◆ TASK DIRECTIONS ◆
A faithful transcript of all the lines below, with no pictures, is the goal here.

[[ SOURCE MATERIAL, beginning ]]

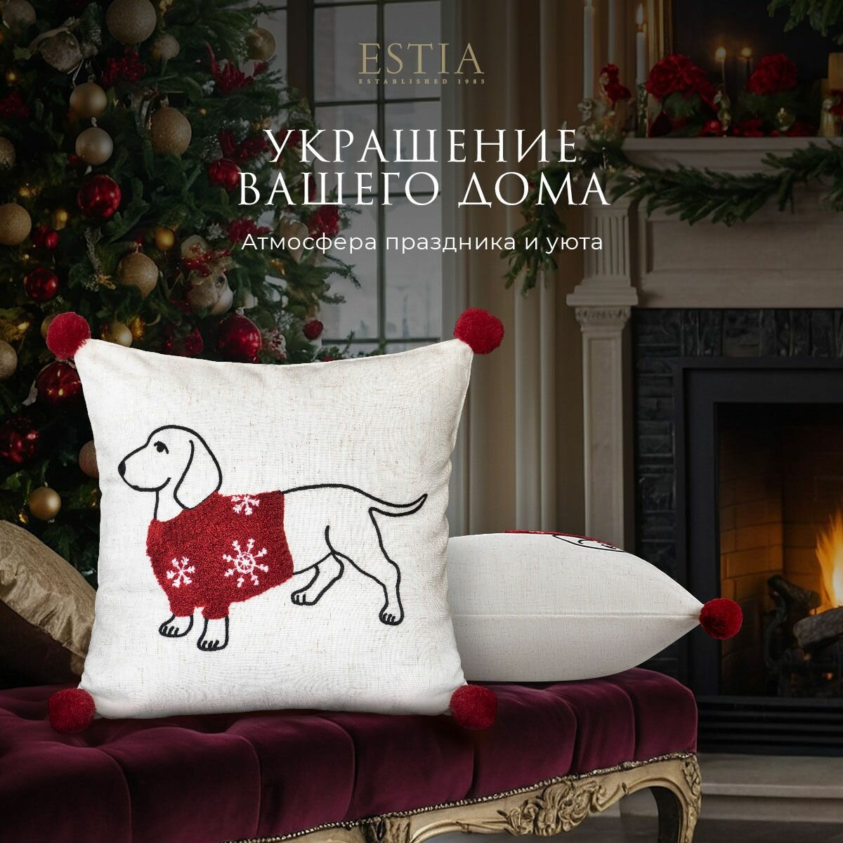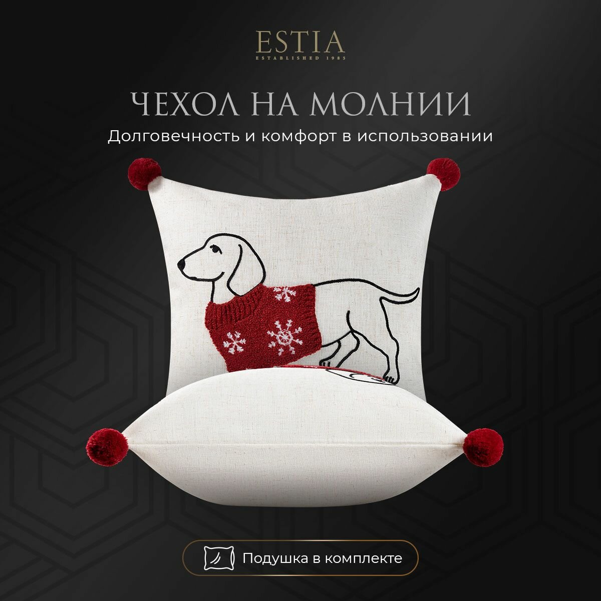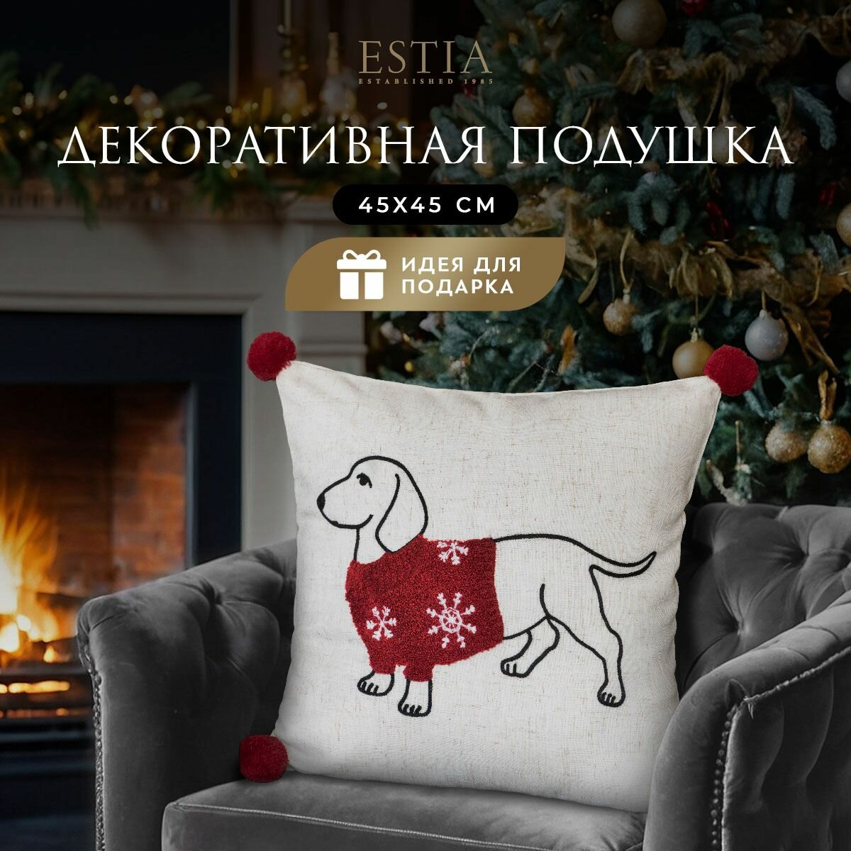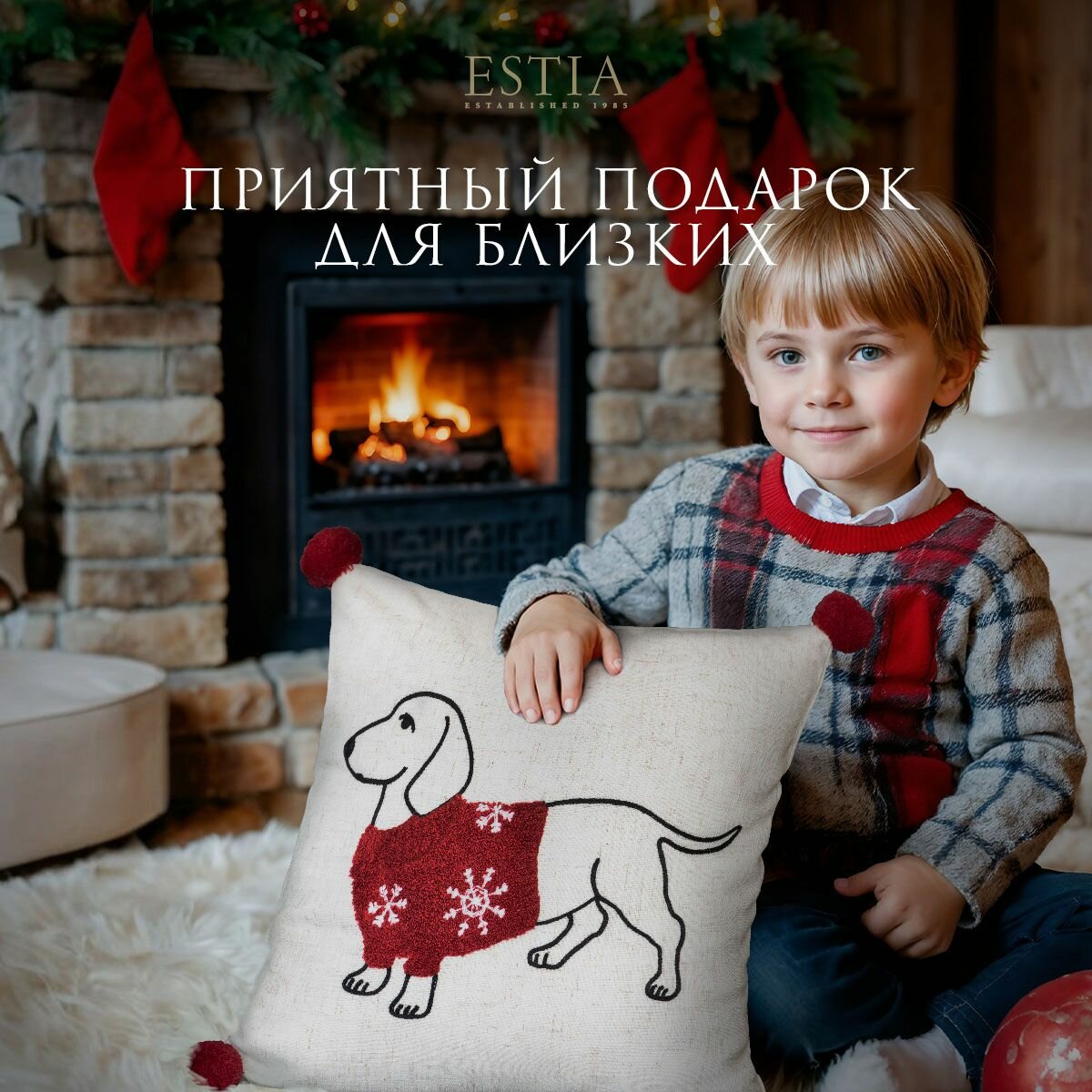 Купить ESTIA Подушка декоративная в подарок "Канэ" с помпонами и вышивкой "Собачка в свитере", 45x45
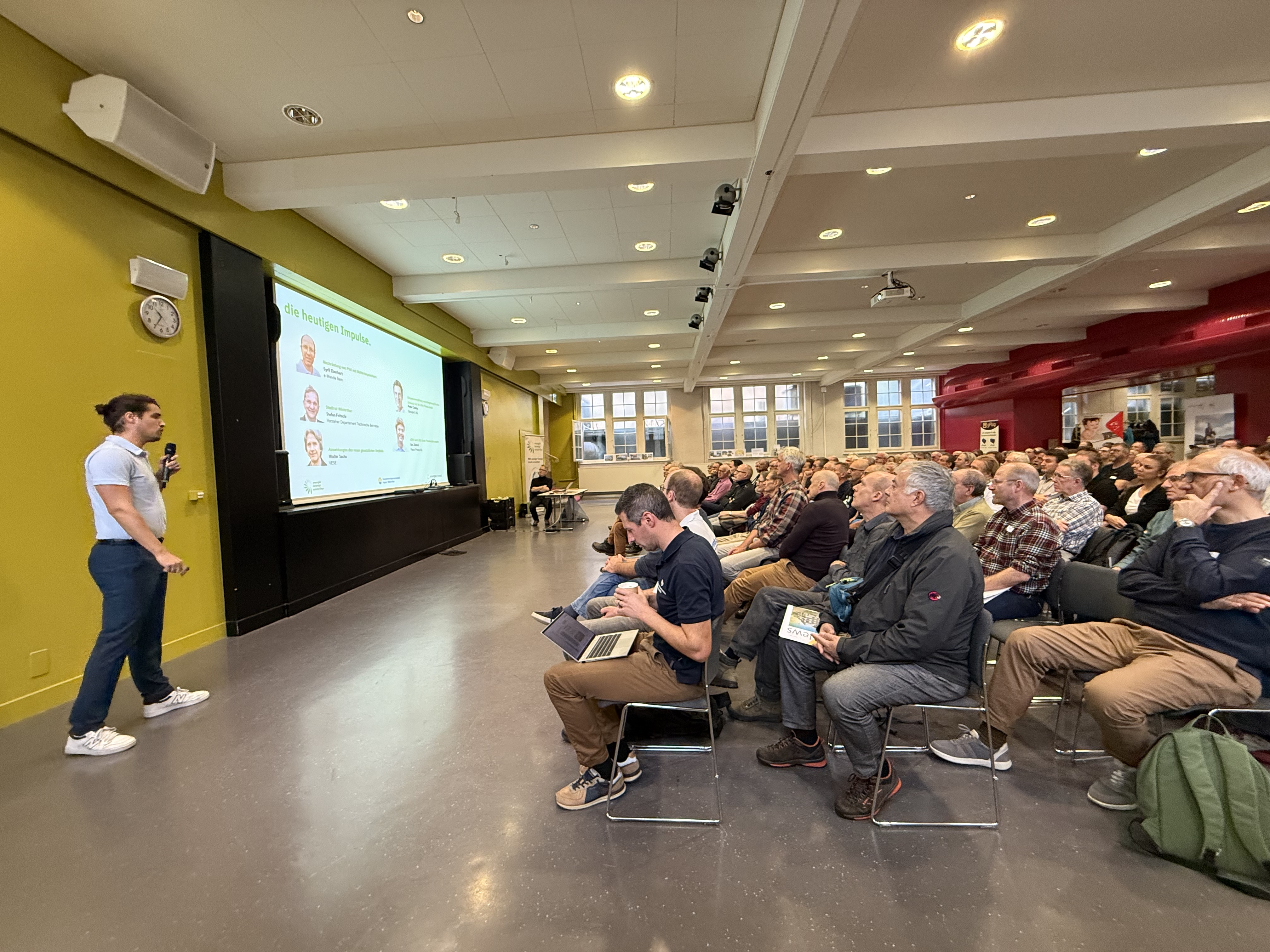 Am Samstag, 29. November 2025, fand die PV-Praxis Tagung 2025 statt. Rund 200 Teilnehmende kamen nach Winterthur, um sich über die neuesten Entwicklungen der Photovoltaik auszutauschen. Der Anlass bot einen breiten Überblick über technologische Trends, gesetzliche Veränderungen und praxisnahe Erfahrungen aus der ganzen Schweiz. Organisiert wurde diese Tagung in Zusammenarbeit mit der Energiewendegenossenschaft Region Winterthur, dem Verein energie bewegt winterthur und dem Verband unabhängiger Energieerzeuger VESE.
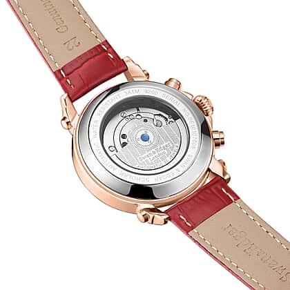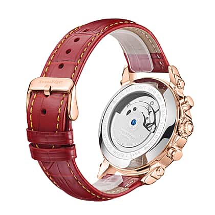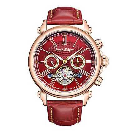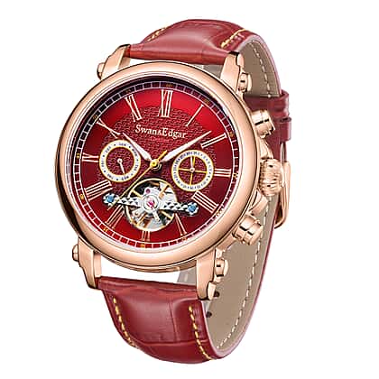 Limited Edition Swan & Edgar Hand Assembled Scholar Automatic Movement Red Dial Water Resistant Watch With Red Leather Strap
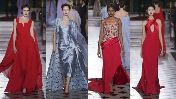 وقد تجلّى الطابع البصري لتلك الحقبة الفنيّة عبر الأشكال الهندسيّة والزخرفات الفنيّة التي زيّنت خامات الكريب الهش، والساتان المرن، والموسلين الحريري، والأورغنزا الذي تمّ قصّه باللايزر. أما بالنسبة للوحة اللونية التي اعتمدها المصمم فتنوّعت بين تدرجات الأبيض، والليلكي، والأزرق، والوردي بالإضافة إلى الذهبي، والفضي، والأحمر فجأت التصاميم كأنها تحتفل بما هو استثنائي في عالم الأناقة الساحرة.
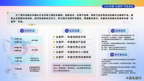 · 獎項設置全面:涵蓋年度創新技術獎、年度最佳產品獎、年度優秀企業獎、年度影響力人物獎、年度優秀項目案例獎五大獎項,從技術、產品、企業、人物到項目,全維度覆蓋污水處理領域的創新成果。無論是能顯著降低污泥含水率的脫水技術,還是實現智能化運營的處理系統,只要經實踐檢驗能為行業降本增效,均可參與,接受由院士、資深工程師及企業技術負責人組成的權威評審團的專業評定。
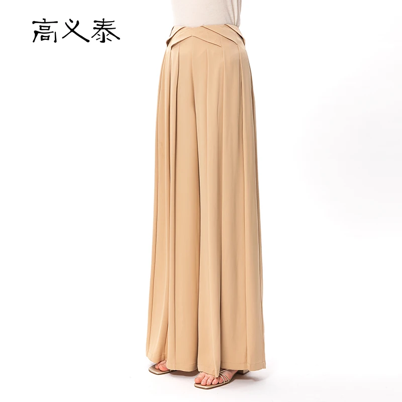 GAOYITAI Stylish Solid Silk Culottes Office Ladies Pleated Pantskirt Three-dimensional Decoration Wide Leg Pants Autumn KY011
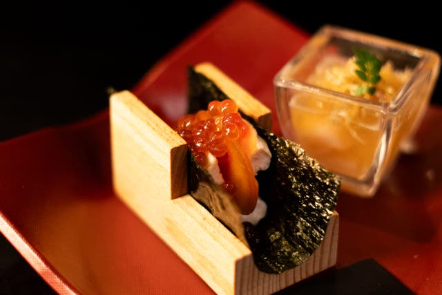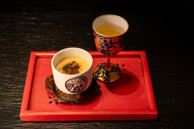 -日本食文化を語るうえで、一番にあげられのが出汁だと考えております。本枯節、利尻昆布、どんこ椎茸のNOTEを鶏の命が始まる卵と合わせてお愉しみいただきます。-
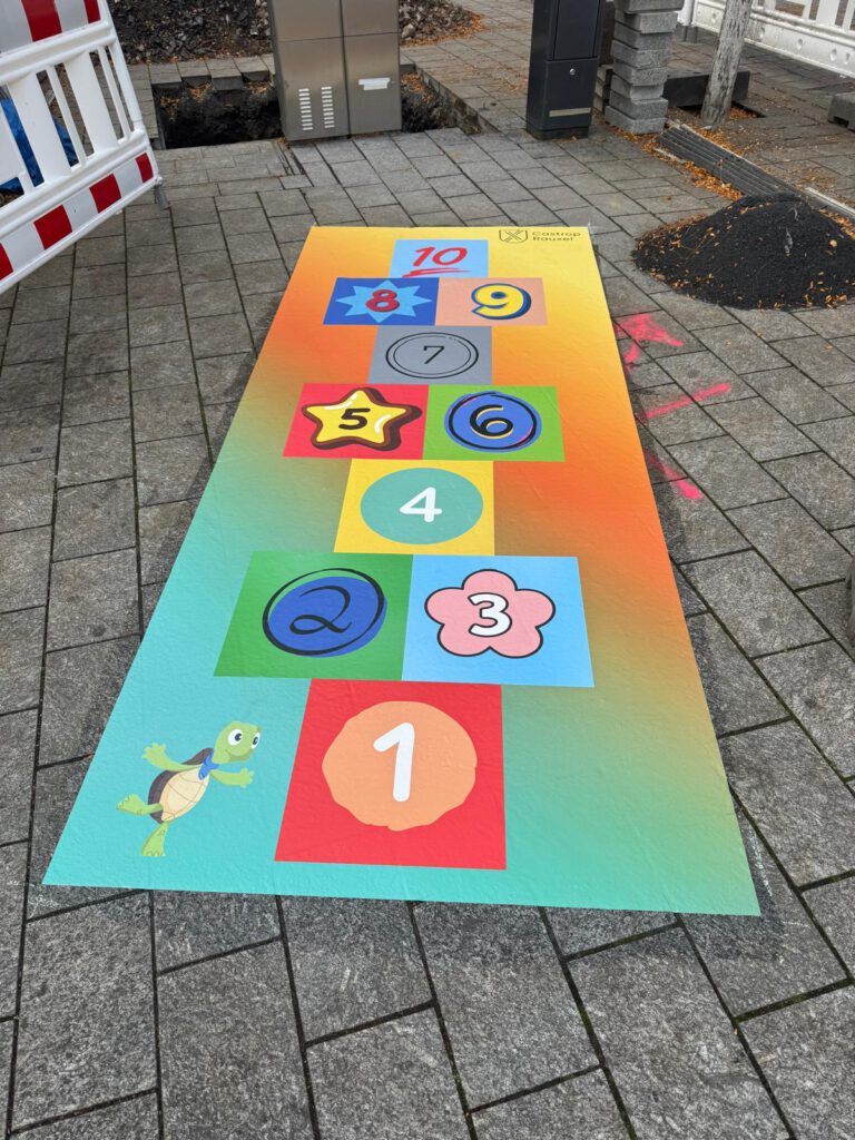 Individuelle Bodenfolien zur schnellen Gestaltung von Kinderhüpfspielen sowie Spielbereichen. Perfekt für Innenstädte, Kitas und Schulhöfe. Diese Folien sind leicht zu entfernen und hinterlassen keine Rückstände! Für weitere Informationen stehen wir Ihnen gerne zur Verfügung!

[[ SOURCE MATERIAL, end ]]

◆ ANSWER FOR THE TASK ◆
 Купить ESTIA Подушка декоративная в подарок "Канэ" с помпонами и вышивкой "Собачка в свитере", 45x45
 Am Samstag, 29. November 2025, fand die PV-Praxis Tagung 2025 statt. Rund 200 Teilnehmende kamen nach Winterthur, um sich über die neuesten Entwicklungen der Photovoltaik auszutauschen. Der Anlass bot einen breiten Überblick über technologische Trends, gesetzliche Veränderungen und praxisnahe Erfahrungen aus der ganzen Schweiz. Organisiert wurde diese Tagung in Zusammenarbeit mit der Energiewendegenossenschaft Region Winterthur, dem Verein energie bewegt winterthur und dem Verband unabhängiger Energieerzeuger VESE.
 Limited Edition Swan & Edgar Hand Assembled Scholar Automatic Movement Red Dial Water Resistant Watch With Red Leather Strap
 وقد تجلّى الطابع البصري لتلك الحقبة الفنيّة عبر الأشكال الهندسيّة والزخرفات الفنيّة التي زيّنت خامات الكريب الهش، والساتان المرن، والموسلين الحريري، والأورغنزا الذي تمّ قصّه باللايزر. أما بالنسبة للوحة اللونية التي اعتمدها المصمم فتنوّعت بين تدرجات الأبيض، والليلكي، والأزرق، والوردي بالإضافة إلى الذهبي، والفضي، والأحمر فجأت التصاميم كأنها تحتفل بما هو استثنائي في عالم الأناقة الساحرة.
 · 獎項設置全面:涵蓋年度創新技術獎、年度最佳產品獎、年度優秀企業獎、年度影響力人物獎、年度優秀項目案例獎五大獎項,從技術、產品、企業、人物到項目,全維度覆蓋污水處理領域的創新成果。無論是能顯著降低污泥含水率的脫水技術,還是實現智能化運營的處理系統,只要經實踐檢驗能為行業降本增效,均可參與,接受由院士、資深工程師及企業技術負責人組成的權威評審團的專業評定。
 GAOYITAI Stylish Solid Silk Culottes Office Ladies Pleated Pantskirt Three-dimensional Decoration Wide Leg Pants Autumn KY011
 -日本食文化を語るうえで、一番にあげられのが出汁だと考えております。本枯節、利尻昆布、どんこ椎茸のNOTEを鶏の命が始まる卵と合わせてお愉しみいただきます。-
 Individuelle Bodenfolien zur schnellen Gestaltung von Kinderhüpfspielen sowie Spielbereichen. Perfekt für Innenstädte, Kitas und Schulhöfe. Diese Folien sind leicht zu entfernen und hinterlassen keine Rückstände! Für weitere Informationen stehen wir Ihnen gerne zur Verfügung!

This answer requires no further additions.